Num records in table

joey.jeremiah

ProgressTalk Moderator
Staff member
thanks!


TomBascom said:
I'd like to see the cost based optimizer used by the 4gl too. But I'm not holding my breath. It is, by all accounts, a big leap -- not for the database engine but for the 4gl. I haven't tried this but I've long thought it would be interesting to take the cost statistics that are gathered for SQL and apply them to selectively over-ride 4gl index selection. If I ever run into one of those horrible queries that you seem to so commonly find I plan to give it a whirl.
i also though about reaching into the sql stats but afaik they're not avail to the 4gl thru vsts or any other way.

it would probably have to be some sort of java bolt on ? i don't know about that
 

TomBascom

Curmudgeon
"Bolt on" might be a bit extreme :awink: You just need to get comfortable using SQL and the natural route to that is via Java. If you check out the "Update Statistics" entry in the "OpenEdge Data Management: SQL Reference" manual I think that you'll see that all the information that you need is there.
 

Casper

ProgressTalk.com Moderator
Staff member
Interesting!

I don't know if I understand this correctly, I never thought about this concept but do you mean use the SQL statistics to dynamically form the "right" query by applying the gathered statistics. Which could involve dynamic complete reorganisation of the query or dynamically force to use different index? And this all in order to make a better "index-guess" then the current rules-base optimiser?
Or even join order depending on the table cardinality (which could change from site to site?)

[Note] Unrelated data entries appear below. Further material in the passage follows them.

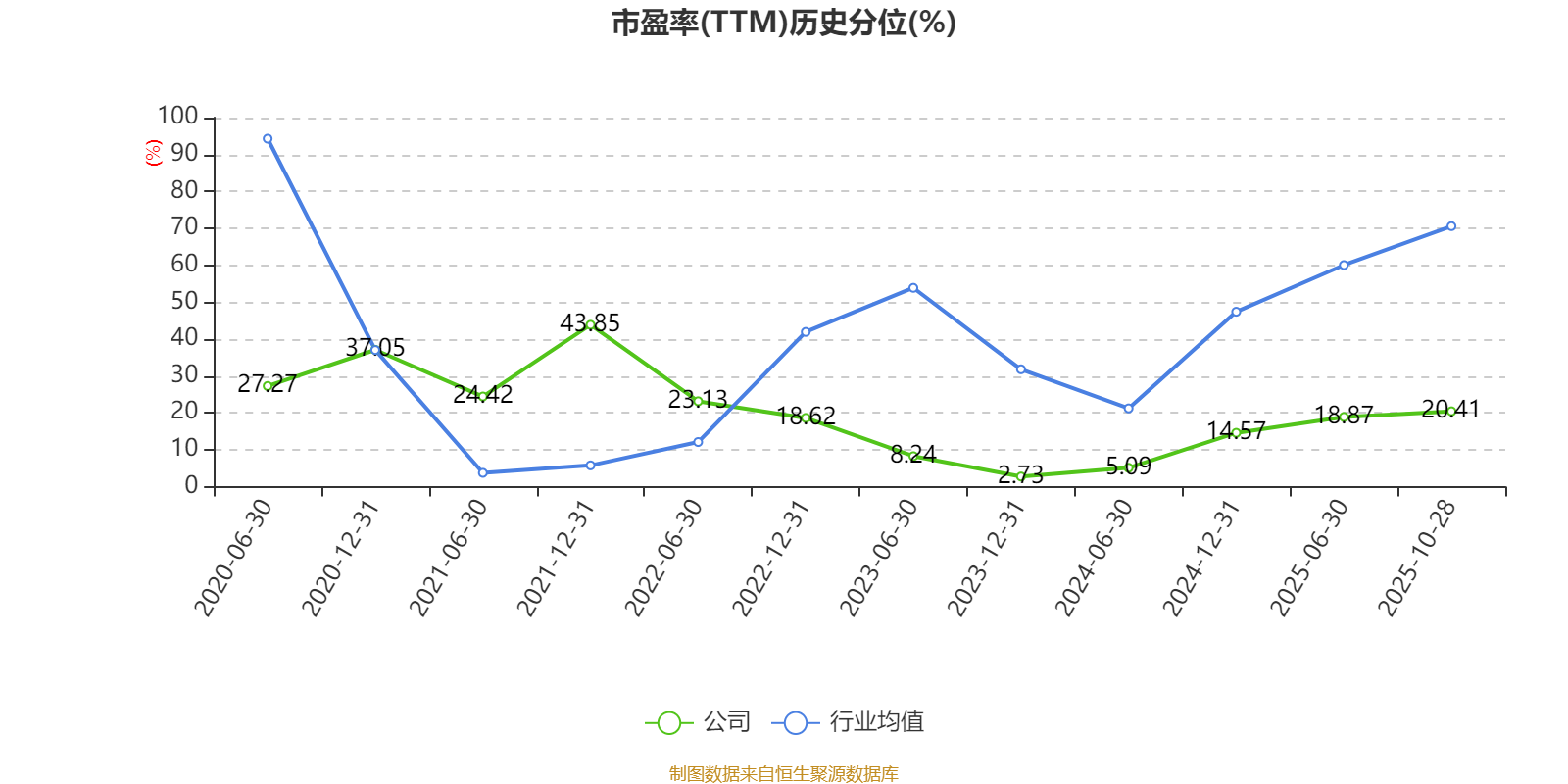 市盈率、市净率为负时,不显示当期分位数,会导致折线图中断。
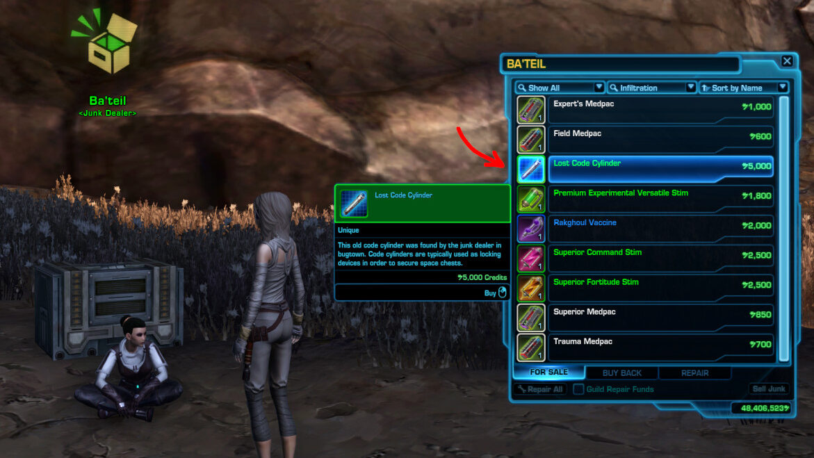 This vendor sells the Lost Code Cylinder for 5000 credits. If you travel as a group, only one needs to purchase this.
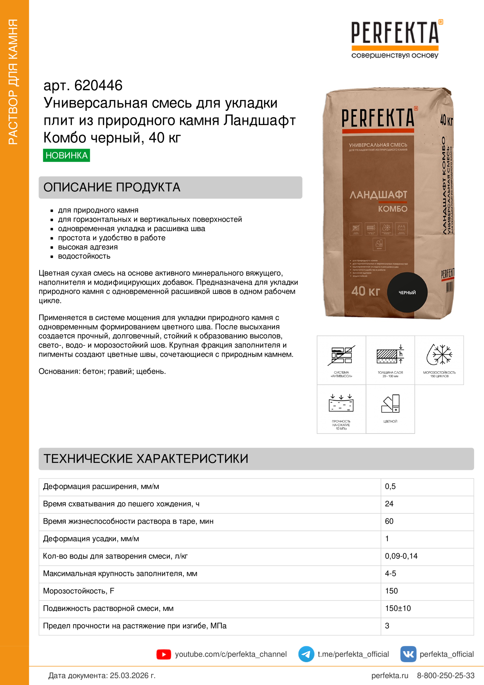 Цветная сухая смесь на основе активного минерального вяжущего, наполнителя и модифицирующих добавок. Предназначена для укладки природного камня с одновременной расшивкой швов в одном рабочем цикле.
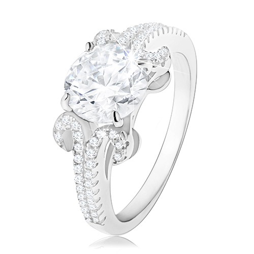 Popis produktu Zásnubní prsten ze stříbra 925, kulatý zirkon v čiré barvě, třpytivé pásky - Velikost: 53

(Or am I completely wrong here....)

Could you please fill me in on the idea?

Regards,

Casper.
 

TomBascom

Curmudgeon
1) Use SQL to UPDATE STATISTICS.

2) Propose a query to SQL -- it would be useful to have a 4gl WHERE CLAUSE to SQL translator.

3) Examine SQL's execution plan for the proposed query.

4) Apply that plan back to the 4gl query. It would be handy to have a SQL to 4GL translator :rolleyes:. For the most part this probably consists of re-ordering sub-queries and applying USE-INDEX to override the 4gl compiler's choices.

At first I would do this manually and on a case by case basis. If the results were promising then it would be worth trying to automate. Making it dynamic would have to be down the road somewhere.
 

joey.jeremiah

ProgressTalk Moderator
Staff member
going back to no-index and remote clients

the root diff between 4gl queries and sql, is that sql streams data while 4gl navigates trhu data, cursors.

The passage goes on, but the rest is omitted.